Only the lines from the beginning of the data through the one with "Figure 2: Churchyard Management Plan" belong in the answer, each retyped exactly, with pictures left out.

[Recorded data]:
--------------------

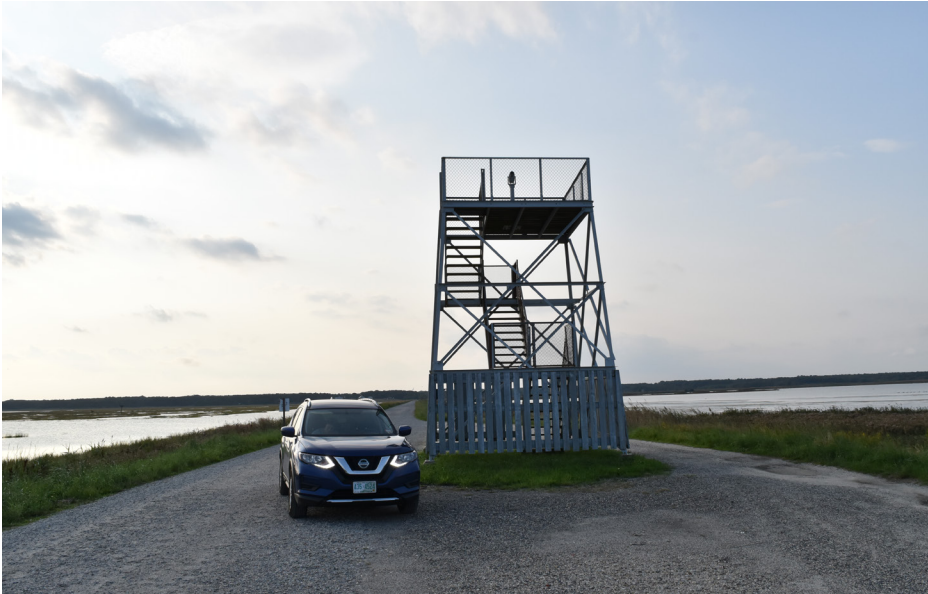
109 *Galloway Township - Edwin B. Forsythe National Wildlife Refuge, Wildlife Drive NW
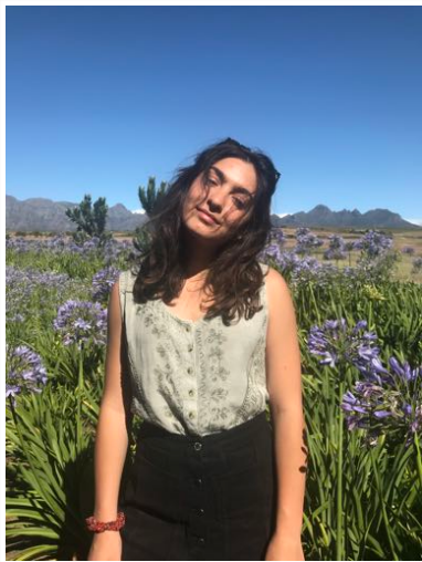
Nir BA Media and Culture
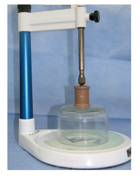
Figure 2 - Implant analog positioned with the aid of a delineator in the PVC pipe.
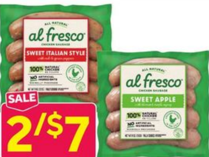
Al Fresco Chicken Sausage Selected Varieties, 11 oz. pkg. 6759778
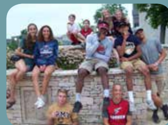
STATE TRACK - Student-athletes who competed in the state track meet.
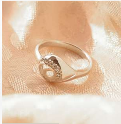
PRODUCT CODE: #SR-023

Material - 925 Sterling Silver Weight Range - 1.1 gram Stone - Cubic Zirconia
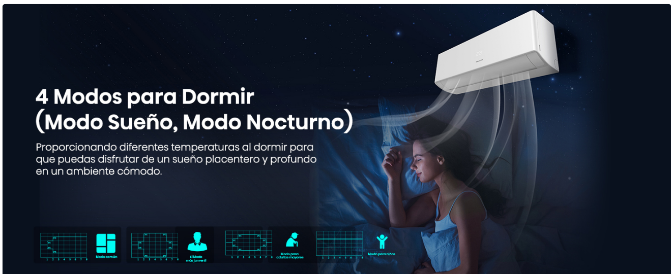
Image: Visual representation of the 4 Sleep Modes.

The unit offers four distinct sleep modes, providing different temperature adjustments throughout the night to ensure a pleasant and deep sleep in a comfortable environment.
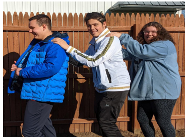
Post Thanksgiving feast dance party

Our school gathers as a community and shares meals, laughter, friendship, and a tradition of sharing what we are thankful for. And this year, we had a dance party!
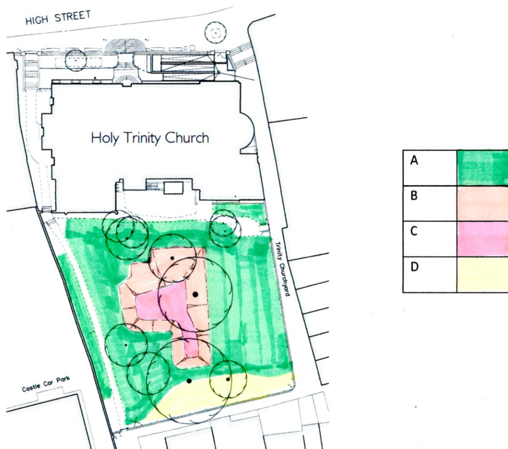
Figure 2: Churchyard Management Plan
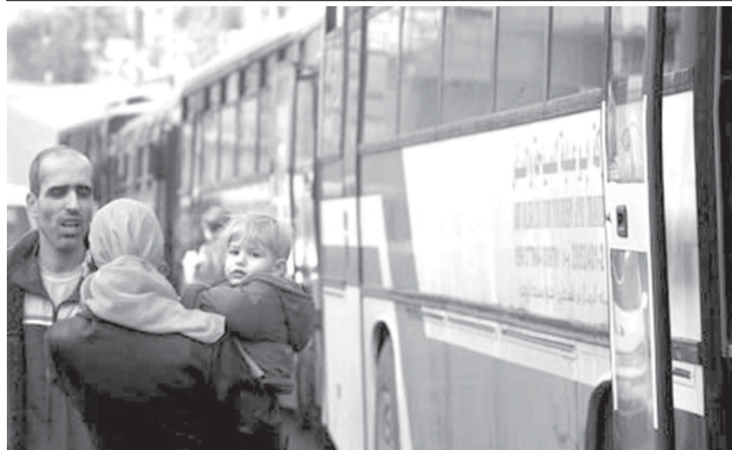
A Palestinian mother and her son with dual citizenship wait outside a bus before they leave the Gaza Strip on 8 January, 2009. INTERNET

WASHINGTON, 8 Jan—As of Wednesday, 7 Jan, 2009, at least 4,223 members of the US military had died in the Iraq war since it began in March 2003. The figure includes eight military civilians killed in action. At least 3,402 military personnel died as a result of hostile action, according to the military’s numbers.— Internet
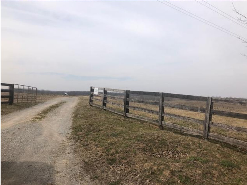
View of property from entrance
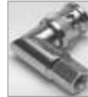
Right Angle, Twist-On BNC (M) 1 Piece, Solderless
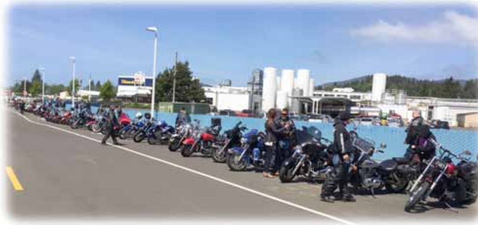
Riders on the Spring Fever Run make their annual stop at the Tillamook Cheese Factory for a little ice cream.

Afterward, some of the members went on a ride to Duffy's Irish Pub in Gray's River, Washington, and then back over on the Westport Ferry, while others went to Mount St. Helens.

--------------------

[Answer]:
109 *Galloway Township - Edwin B. Forsythe National Wildlife Refuge, Wildlife Drive NW
Nir BA Media and Culture
Figure 2 - Implant analog positioned with the aid of a delineator in the PVC pipe.
Al Fresco Chicken Sausage Selected Varieties, 11 oz. pkg. 6759778
STATE TRACK - Student-athletes who competed in the state track meet.
PRODUCT CODE: #SR-023

Material - 925 Sterling Silver Weight Range - 1.1 gram Stone - Cubic Zirconia
Image: Visual representation of the 4 Sleep Modes.

The unit offers four distinct sleep modes, providing different temperature adjustments throughout the night to ensure a pleasant and deep sleep in a comfortable environment.
Post Thanksgiving feast dance party

Our school gathers as a community and shares meals, laughter, friendship, and a tradition of sharing what we are thankful for. And this year, we had a dance party!
Figure 2: Churchyard Management Plan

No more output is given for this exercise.